An optimal endocrine replacement strategy for hypogonadotropic hypogonadal males aims at normalizing all aspects of deficient androgenic action. While testosterone replacement has been used in clinical practice to solely convey androgenic effects, gonadotropins have been employed for the purpose of additionally initiating testicular growth and spermatogenesis.13
The present study provides data on steroid hormone profiles of males with CHH, in which these two different replacement regimens were applied sequentially. The hormone concentrations in serum reflect the overall production of hormone that is contributed to the blood stream by each hormone-producing tissue. The naturally occurring ‘knock down condition’ of central hormonal stimulation of gonads, with uncompromised ACTH secretion that is present in CHH males, was used as a model, to enable delineation of gonadotropin effects on testicular and adrenal steroidogenic pathways involved in male androgen biosynthesis. Specifically, hCG/rFSH effects on serum steroid hormone concentrations of the classic Δ5 pathway of steroid biosynthesis, on concentrations of steroids of the Δ4 steroidogenic pathway, the alternative pathway of testosterone biosynthesis, the backdoor pathway of DHT synthesis and on concentrations of the 11-oxygenated C19 androgen pathway were investigated. In addition, the serum levels of testosterone metabolites were analyzed.
Our results indicate that treatment of CHH males with gonadotropins results in steroid hormone profiles similar to those of healthy men, with few exceptions (E2, progesterone). However, this is not the case using a regimen based on exogenous testosterone. If testosterone is applied, steroidogenic pathways in testicles of CHH males remain unstimulated. By contrast, if hCG + rFSH are used, the LHCG receptor in Leydig cells is activated.14 In response, multiple steroids of the classical steroidogenic cascade are synthesized by the gonads, including the classic potent androgens T and DHT. This explains the differences observed in serum steroid levels in CHH males on the two different replacement regimens.
4.5.6 Summarized results and conclusions
These biochemical studies of serum steroid hormone patterns in CHH males on two different androgenic replacement regimens contribute to our knowledge of human steroidogenesis, specifically androgen production and its regulation. Gonadotropins contribute to steroid production along the classic Δ4 pathway, by stimulation of 17-OHP production. In addition, gonadotropins co-activate an alternative pathway of T biosynthesis from DHEA via androstenediol.
However, Δ5 biosynthesis of 17-OH-pregnenolone, DHEA(S) seems fully gonadotropin-independent, and the production of androstenedione is largely gonadotropin-independent.

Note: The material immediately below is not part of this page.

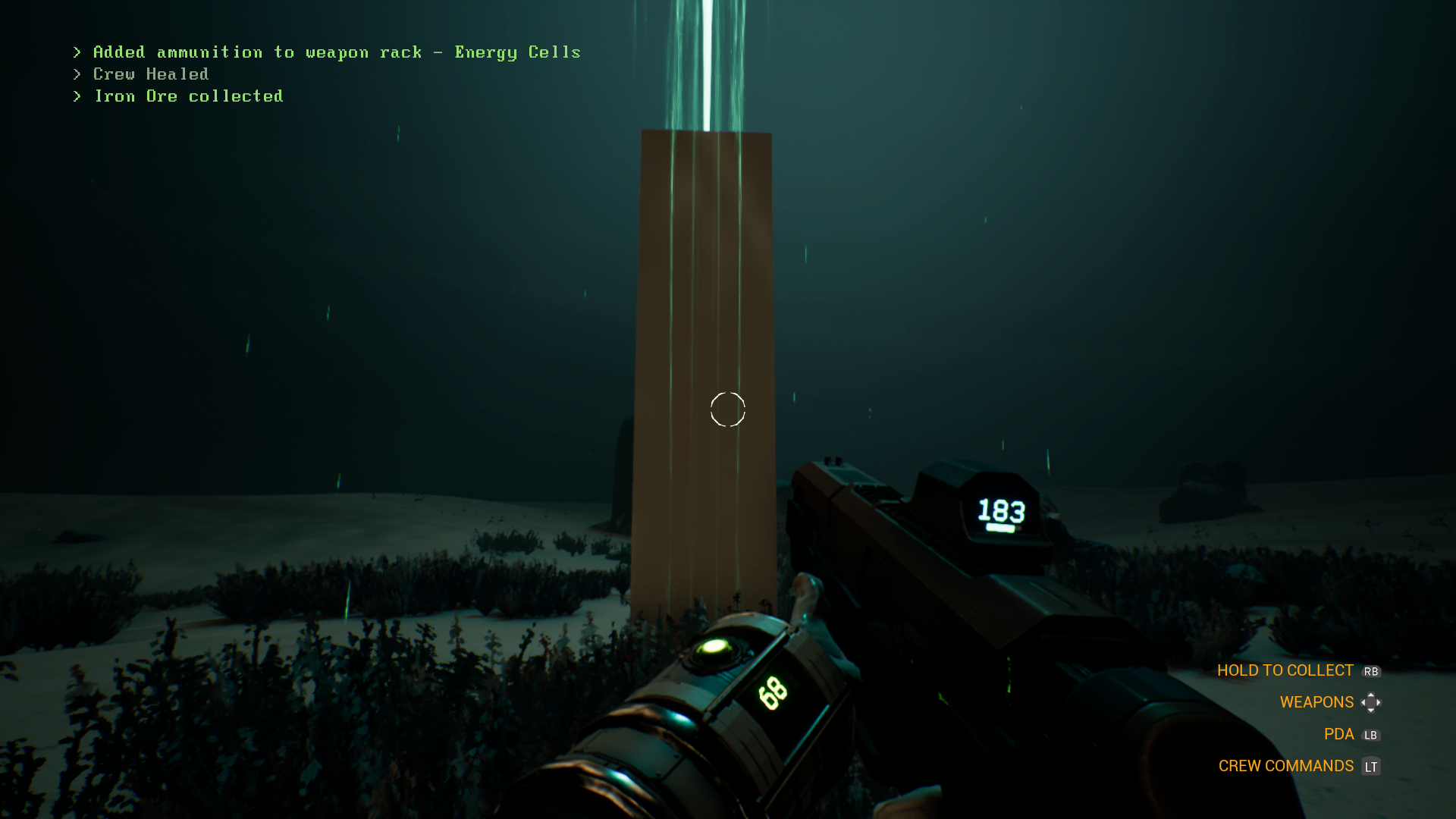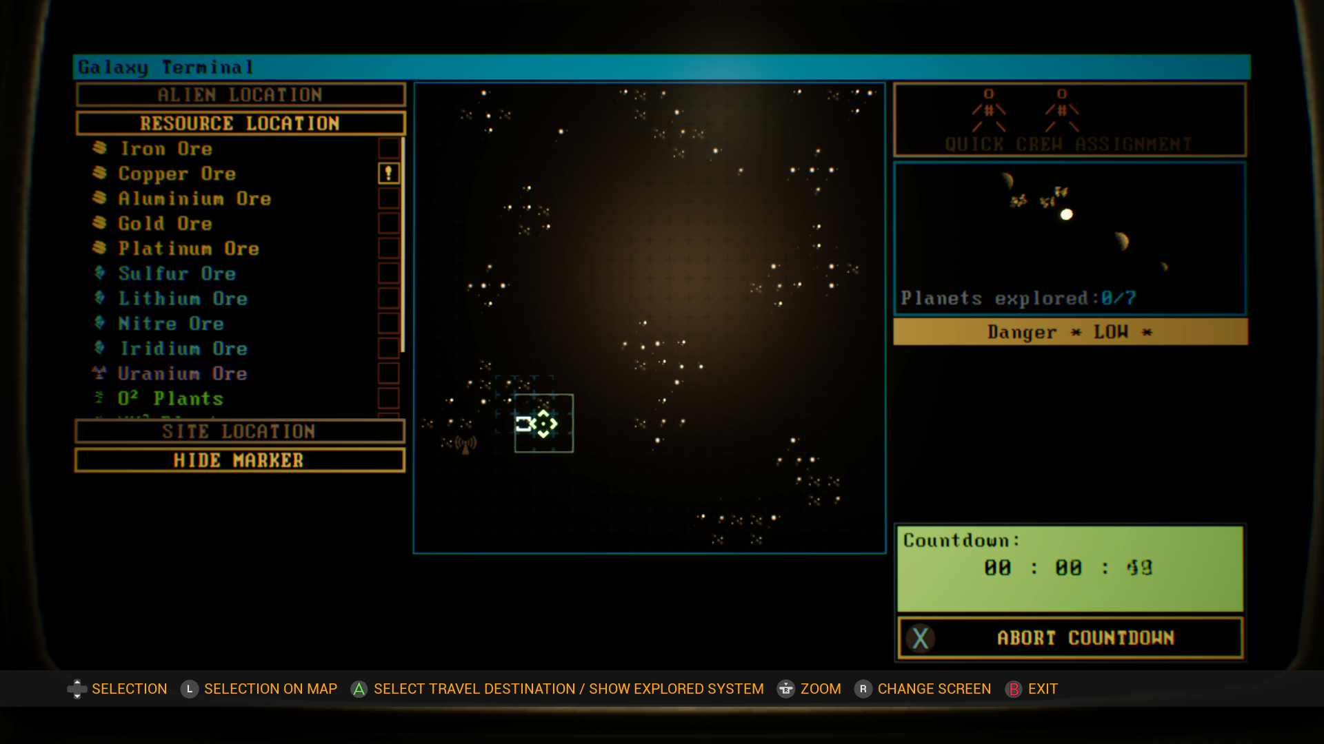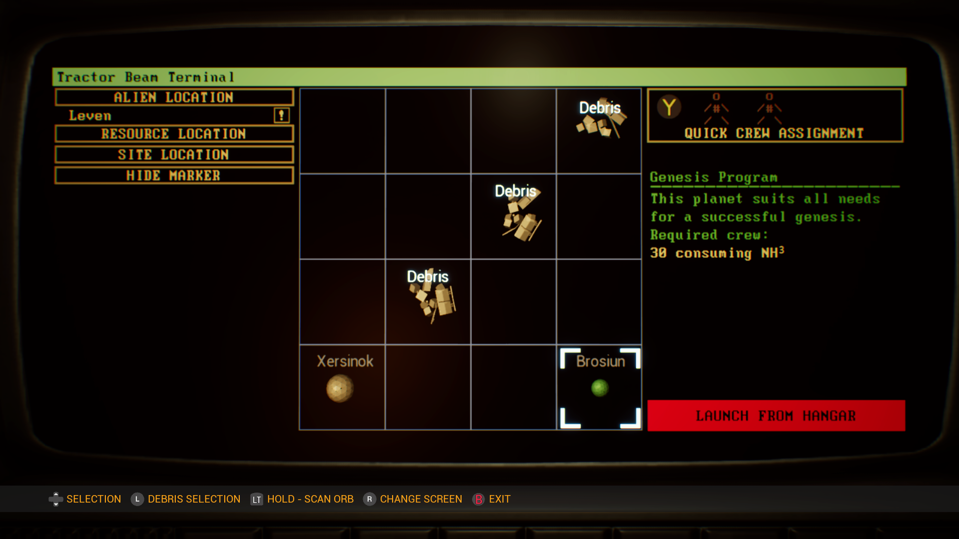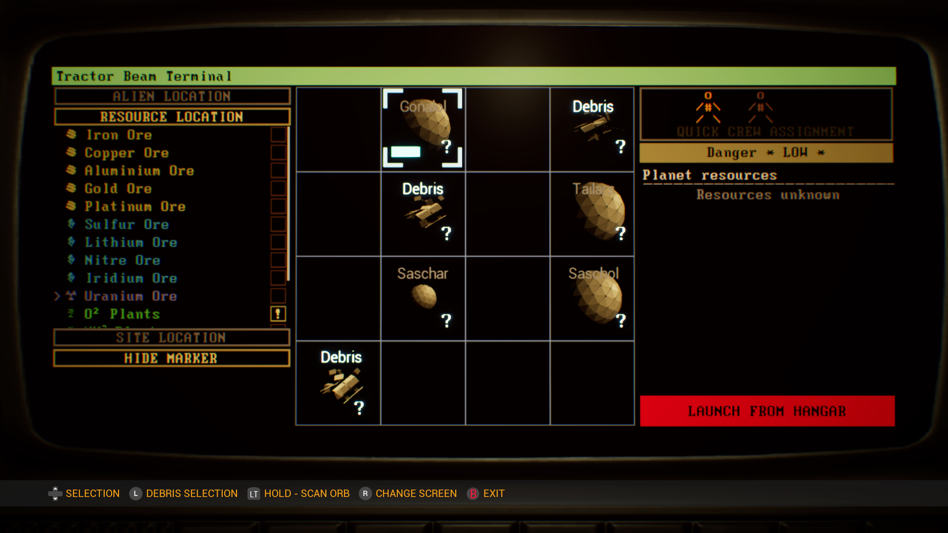 Za każdym razem gdy trafiamy do nowego sektora widzimy tylko rozkład planet i śmieci. By poznać co w sobie kryją musimy je przeskanować lub zaryzykować i polecieć na dane planety. Zbieranie zasobów odbywa się na dwa sposoby. Po pierwsze możemy wybrać się na planetę. Nie musimy się tam osobiście zjawić, możemy tam wysłać część naszej załogi, lecz gdy wybierzemy się z nimi to mamy możliwość ustalania priorytetu, który z dostępnych zasobów ma być zabrany na pokład w pierwszej kolejności – wahadłowiec ma ograniczone zasoby. Oprócz surowców na planetach znajdziemy obcych ich broniących i lokacje. Ich zeskanowanie daje nam dodatkowe perki lub nowe bronie czy moduły statku. Dodatkowo możemy znaleźć różne rośliny, produkujące różne gazy. Ich znaczenie wyjaśnię za chwilę. Całość obszaru, który możemy zbadać jest ograniczona do okręgu wokół wahadłowca. Bariera nie jest fizyczna, lecz wyjście po za nią oznacza szybką śmierć. I tu się pojawiają pierwsze zgrzyty. Planety są po prostu nudne. Po zbadaniu dziesięciu wygląda to jak by były cztery różne schematy do nich i wybierany jeden z nich. Zasoby to skały z wystającymi kryształami w adekwatnym kolorze. Co gorsze zawsze są w zasięgu paru metrów od statku. Lokacje? Tu też nie ma szaleństwa. Po paru całość zmienia się w najzwyklejszy grind. Druga metoda pozyskania zasobów to kosmiczne śmieci. Jeszcze nudniejsze niż odwiedzanie planet. Całość polega na udaniu się do pomieszczenia z tractor beam. Wybraniu sektora i czekaniu na rezultat. Efekt końcowy to albo więcej zasobów na pokładzie statku, albo obcy.
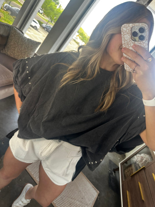 Sold outTalk to Me Studded Tee- Black

Thus, an ‘adrenal-peripheral tissues-testicular collaboration’ regarding androgen synthesis by classic or alternative pathways seems possible.

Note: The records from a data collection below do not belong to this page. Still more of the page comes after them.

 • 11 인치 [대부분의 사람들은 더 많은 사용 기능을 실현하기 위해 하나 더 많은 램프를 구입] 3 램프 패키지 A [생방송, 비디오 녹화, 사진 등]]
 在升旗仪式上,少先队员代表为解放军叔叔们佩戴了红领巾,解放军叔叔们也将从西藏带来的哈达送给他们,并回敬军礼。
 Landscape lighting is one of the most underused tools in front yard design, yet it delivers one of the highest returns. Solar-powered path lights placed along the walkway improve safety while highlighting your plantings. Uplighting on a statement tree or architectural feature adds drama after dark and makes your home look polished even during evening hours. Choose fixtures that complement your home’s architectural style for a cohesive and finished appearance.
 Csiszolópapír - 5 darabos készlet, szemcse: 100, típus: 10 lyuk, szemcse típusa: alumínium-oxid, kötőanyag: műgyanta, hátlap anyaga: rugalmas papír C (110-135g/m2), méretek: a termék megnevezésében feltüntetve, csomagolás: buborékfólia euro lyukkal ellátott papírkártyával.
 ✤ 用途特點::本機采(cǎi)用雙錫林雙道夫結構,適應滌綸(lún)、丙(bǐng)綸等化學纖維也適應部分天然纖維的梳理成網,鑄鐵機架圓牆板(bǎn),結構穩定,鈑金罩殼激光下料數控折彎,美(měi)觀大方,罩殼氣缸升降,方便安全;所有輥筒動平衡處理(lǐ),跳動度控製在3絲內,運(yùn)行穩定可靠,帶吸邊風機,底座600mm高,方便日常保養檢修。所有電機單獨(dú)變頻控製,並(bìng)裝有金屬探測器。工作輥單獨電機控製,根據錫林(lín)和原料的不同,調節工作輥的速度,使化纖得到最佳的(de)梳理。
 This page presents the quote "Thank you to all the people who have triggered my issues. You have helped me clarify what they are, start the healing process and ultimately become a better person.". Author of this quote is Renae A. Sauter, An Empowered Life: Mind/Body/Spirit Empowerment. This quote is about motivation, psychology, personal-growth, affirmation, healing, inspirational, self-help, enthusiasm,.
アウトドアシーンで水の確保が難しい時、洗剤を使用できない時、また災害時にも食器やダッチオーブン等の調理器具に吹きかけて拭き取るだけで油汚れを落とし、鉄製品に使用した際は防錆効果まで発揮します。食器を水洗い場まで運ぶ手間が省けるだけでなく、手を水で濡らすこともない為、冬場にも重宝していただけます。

The 11-oxygenated C19 androgen pathway is activated independently of gonadotropins. The activity of the three DHT backdoor pathways (converging in androstanediol biosynthesis) is not increased by gonadotropins.
A replacement regimen with combined hCG/rFSH mimics physiologic steroid hormone profiles better than a substitution with exogenous testosterone. The documented differences in steroid profiles on testosterone replacement in hypogonadal males with absent or severely reduced endogenous LH and FSH secretion may have long-term consequences for health and well-being. Specifically, body composition, bone health, glucose and lipid metabolism, salt and water balance, cognition, mood, sleep and sexual function could be affected. The steroidogenic differences could also be relevant for gonadotropin-suppressive treatments with long-acting testosterone preparations in males with primary hypogonadism. To what extent this hypothesis is true, should be addressed in future clinical studies.